#### EXERCISE INSTRUCTIONS:
Verbatim copy, images omitted: return the full listing.

#### INFORMATION SHOWN:
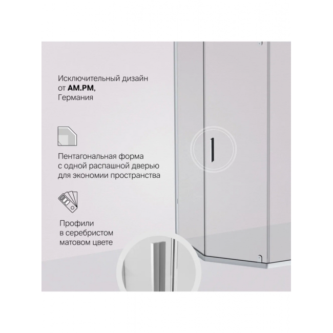 Душевой уголок AM.PM пятиугольный Gem 90 см. профиль хром, стекло прозрачное купить с доставкой. 100% Оригинал. Гарантия!
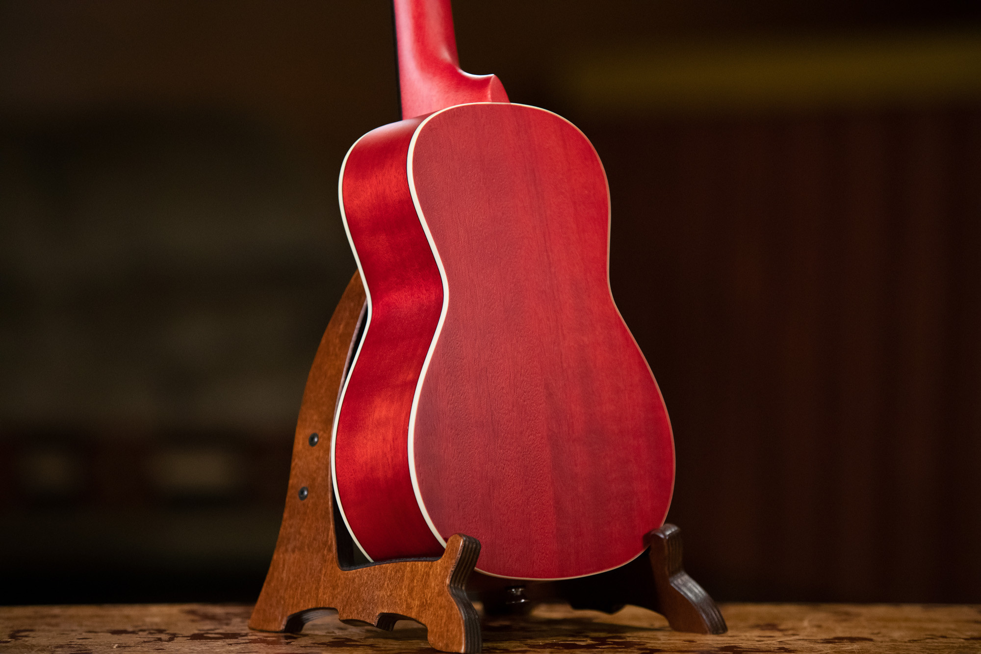Concert model, okoume top, okoume back and sides, mahogany neck, satin red finish.
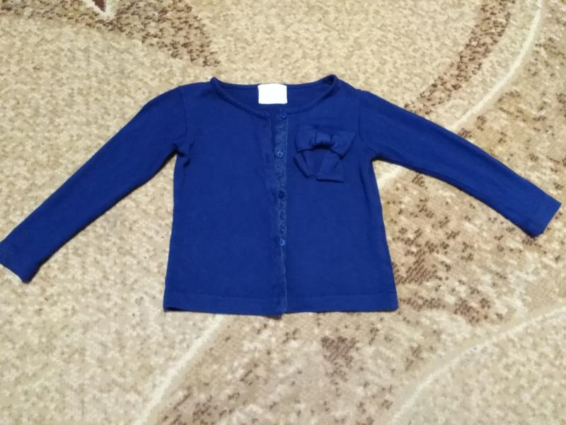 Легенька кофточка синього кольору від ZARA KNITWEAR на літні вечори. Розмір 98, по бірочці 2-3 рочки. Заміри на фото. Має катишки, в ціні враховано. Склад: 85% віскоза, 15% шерсть.

#### TASK RESULT:
 Душевой уголок AM.PM пятиугольный Gem 90 см. профиль хром, стекло прозрачное купить с доставкой. 100% Оригинал. Гарантия!
Concert model, okoume top, okoume back and sides, mahogany neck, satin red finish.
 Легенька кофточка синього кольору від ZARA KNITWEAR на літні вечори. Розмір 98, по бірочці 2-3 рочки. Заміри на фото. Має катишки, в ціні враховано. Склад: 85% віскоза, 15% шерсть.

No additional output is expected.